The examiner identified the prior art as U.S. Patent No. 4,894,861 (Fujioka) that teaches all of the claimed elements (of representative claim 2) except for use of the phone’s regular audio speaker (rather than a separate speaker) to announce a caller’s identity (claimed as the “audio transducer”). A second prior art reference was then identified as U.S. Patent No. 5,199,064 (Gulick) that taught the use of the audio transducer for providing a variety of call related alerts.
On appeal, ClassCo argued that the combination of Fujioka and Gulick was unreasonable because it would involve changing the function of the known elements. The Federal Circuit disagreed writing that:
KSR does not require that a combination only unite old elements without changing their respective functions. . . . Instead, KSR teaches that ‘[a] person of ordinary skill is also a person of ordinary creativity, not an automaton.’ And it explains that the ordinary artisan recognizes ‘that familiar items may have obvious uses beyond their primary purposes, and in many cases a person of ordinary skill will be able to fit the teachings of multiple patents together like pieces of a puzzle.
Slip opinion at 8 (quoting KSR).
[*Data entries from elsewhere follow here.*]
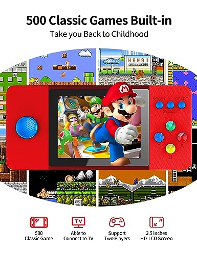 Specification: Heiko Retro Handheld Game Console, 500 FC Games, 3.5″ Screen, 1200mAh Battery Portable Video Game Console, Protective EVA Case, Support Two Players & TV Connection, Gifts for Your Boys Girls(Red)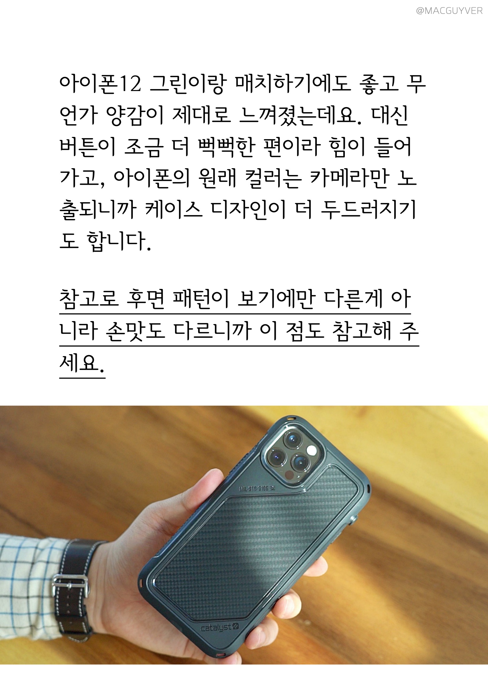 차이점이라면, 카탈임팩트 아이폰12 케이스는 더 슬림해요. 그래서 그립감이 좋은 데다 애플 로고도 보이니까 블랙은 은은하게, 아이스는 투명하게 활용해볼 수 있거든요. 특히 아이스는 컬러마다 파스텔 톤으로 잘 어울리니까 다양하게 매치해볼 수 있고, 블랙은 그래파이트와 정말 잘 어울리더라고요. 참고로 후면 재질은 유분이 잘 안 묻어서 관리도 편하고 버튼도 더 부드럽게 눌려지는 데다 무음 버튼 회전도 조금 더 유들유들합니다. 카탈바이브는 조금 더 두꺼워서 확실히 보호 성능이 더 뛰어난데요. 영상 리뷰에서 다양한 드롭 테스트까지 했으니까 참고해보세요. 내부를 보면 후면까지 충격 방지 구조가 포함되어서 안심이 되더라고요. 그만큼 카메라도 더 제대로 보호하고, 또 자체 디자인이 러기드한 느낌이라 운동을 좋아하거나 다양한 외부 활동을 하시는 분들에게 적합한데요. 긁힘이나 찍힘에도 강하다 보니까 거친 환경에 적합한 거죠. 거기다 측면도 재질감이 뚜렷해서 미끄러움도 덜하고 그린 컬러도 오묘한 매력이 있었어요. 아이폰12 그린이랑 매치하기에도 좋고 무언가 양감이 제대로 느껴졌는데요. 대신 버튼이 조금 더 뻑뻑한 편이라 힘이 들어가고, 아이폰의 원래 컬러는 카메라만 노출되니까 아이폰12 프로 케이스 디자인이 더 두드러지기도 합니다. 참고로 아이폰12 범퍼 케이스 후면 패턴이 보기에만 다른게 아니라 손맛도 다르니까 이 점도 참고해 주세요.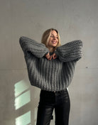 Der Pullover ist Onesize und passt ideal für Größen 36–40. Karyna (172 cm, 53 kg) trägt ihn locker im Oversized-Stil.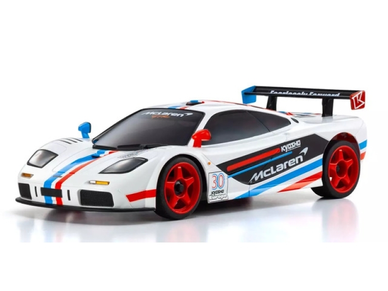 マクラーレンF1のレース仕様として登場した“GTR”。デビューイヤーとなった1995年のル・マン24時間レースでの総合優勝をはじめ、レースシーンで華々しい活躍をみせた1990年代を代表するレーシングカー。京商の代理店FDLの30周年を記念した限定モデル。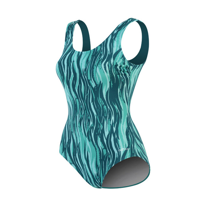The Dolfin Aquashape Moderate Scoop Back Print Female is a great suit for aquatic fitness or even recreational swimming.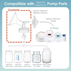 2. Além de encaixar o protetor de refluxo da Spectra, você pode usar os protetores de refluxo de haste curta da Maymom. Você também pode usar o conector de tubulação da Maymom (vendido separadamente) para conectar esta flange a muitas outras bombas de leite populares no mercado.
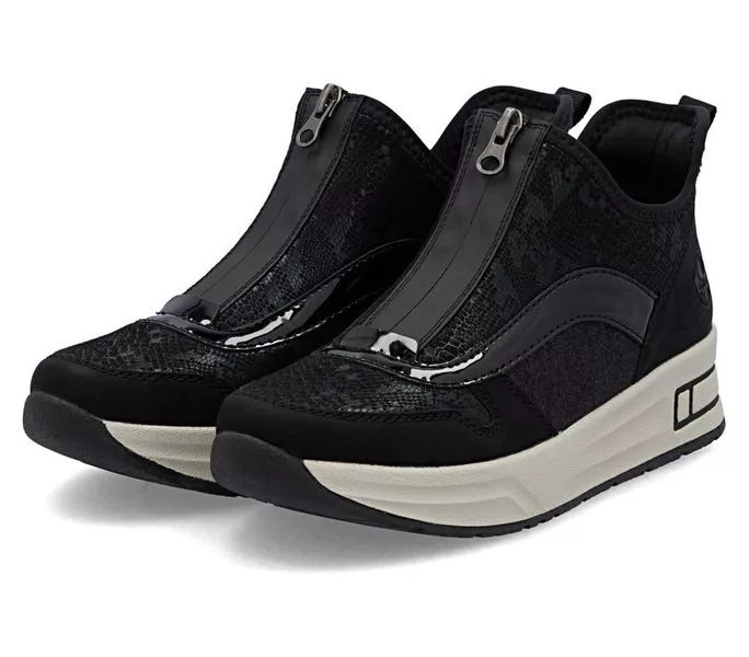 Fekete színű Rieker N8151-00 női bokacsizma. Felsőrészének az anyaga: Szintetikus felső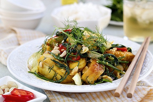 Bước 4: Để lửa lớn, làm nóng 1 thìa canh dầu ăn trong chảo, thêm cá vào đảo nhanh tay. Đến khi cá chín thì cho hành và thì là vào đảo đều là được. Múc cá xào ra đĩa, rắc ít cọng hành lên trang trí cho đẹp.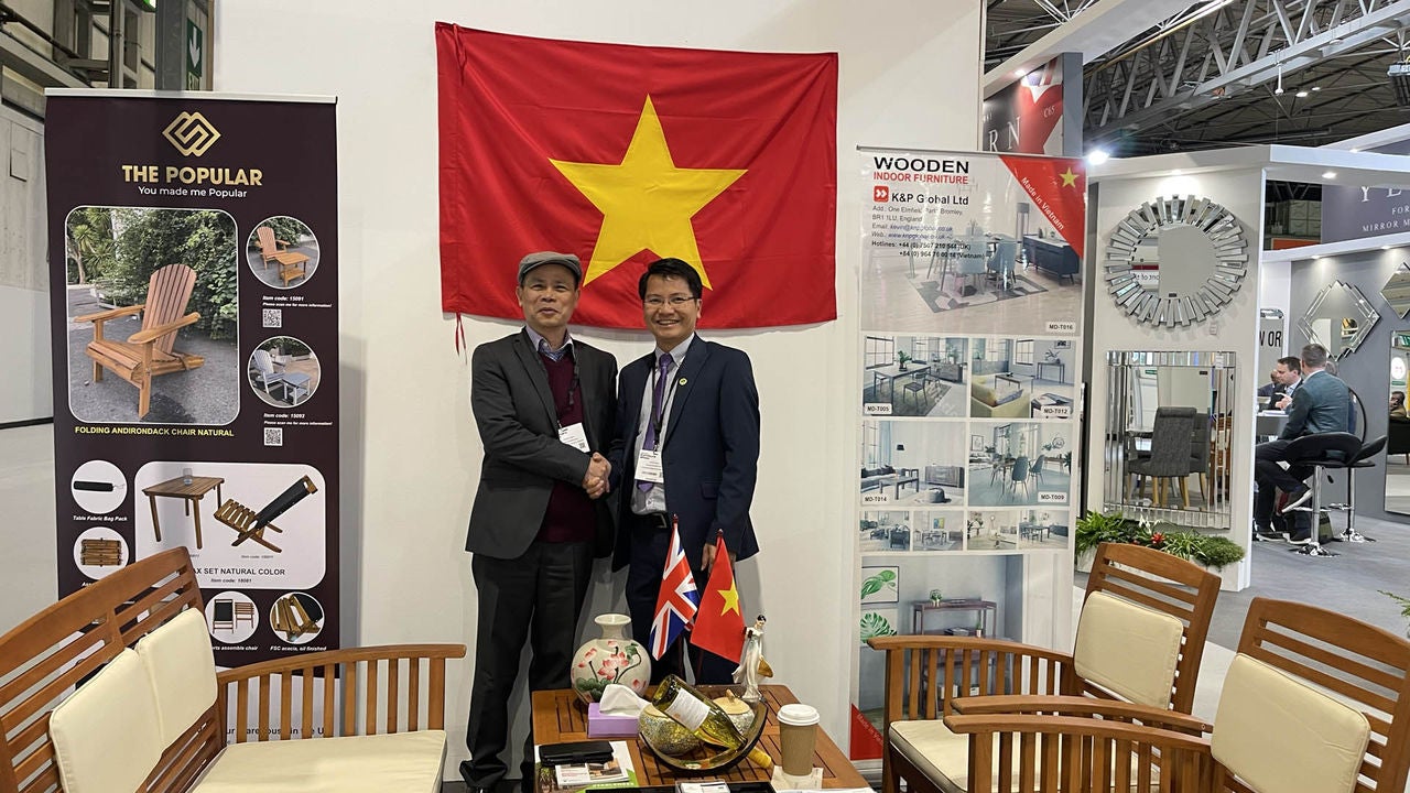 M. Kevin Pham, à droite, avec un représentant commercial du gouvernement vietnamien lors d’un salon du meuble au Royaume-Uni.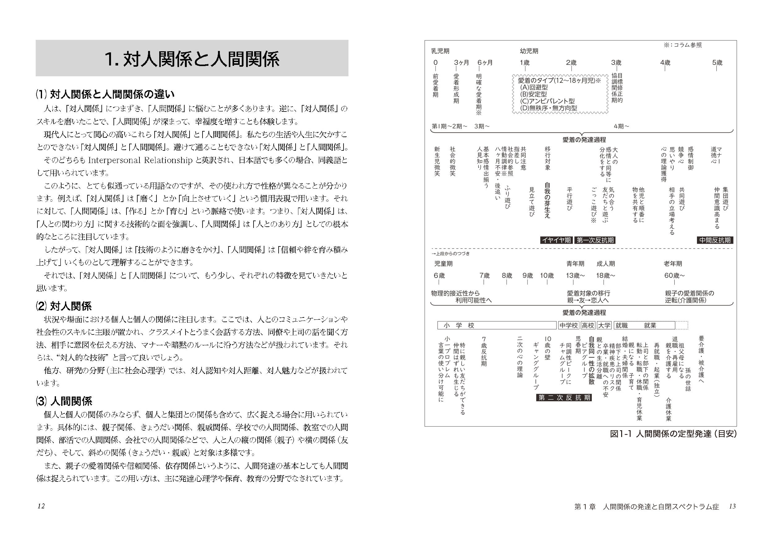 一般的に、人間関係は、親(養育者)との愛着関係に始まり、祖父母やきょうだいに広がり、先生や友だちへの信頼関係、そして、親しい人との恋愛関係、夫婦関係へと深まって、発展していきます。人の成長・発達とその生涯は、人間関係を抜きに考えられません。本書ではまず、この人間関係について、見て分かるように可視化をして、説明しています。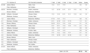 In den Einzeln spielte dann Nikola insbesondere im Spitzenspiel gegen Gebel sehr stark (3:1) und hatte auch gegen Brutscher (3:0) wenig Probleme. Die weiteren Punkte für uns erzielten dann noch Christian (3:1 – Brutscher), Markus (3:1 – Wiesen), Christoph (3:0 – Hof) und Andi (3:0 – Fischer).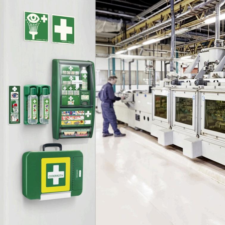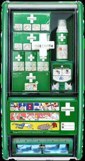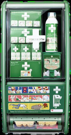 Cederroth First Aid Station inneholder produkter for å håndtere flere typer skader og kan også enkelt tilpasses ulike omsorgsbehov.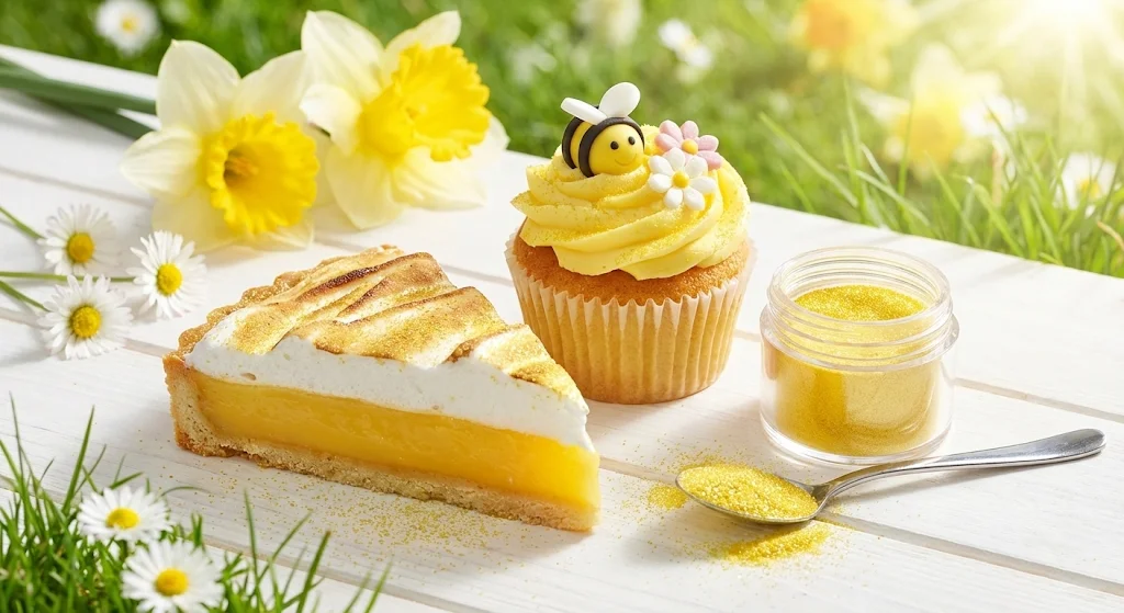 Spread sunshine with our radiant yellow luster dust for cakes. This bright edible yellow glitter creates cheerful lemon cakes, adorable bee themes, and happy celebration desserts.

The court goes on to explain that a combination of known elements can be obvious even the elements don’t fit perfectly together like puzzle pieces. Rather, the approach is “flexible” in its pursuit of determining whether the combination would have been “predictable” – i.e., obvious.
Although KSR rejected a strict application of a motivation-to-combine, the court consistently required at least an explanation of that motivation. Here, the court found that “substantial evidence” supports the PTO conclusions since some of the benefits were suggested by both prior art references.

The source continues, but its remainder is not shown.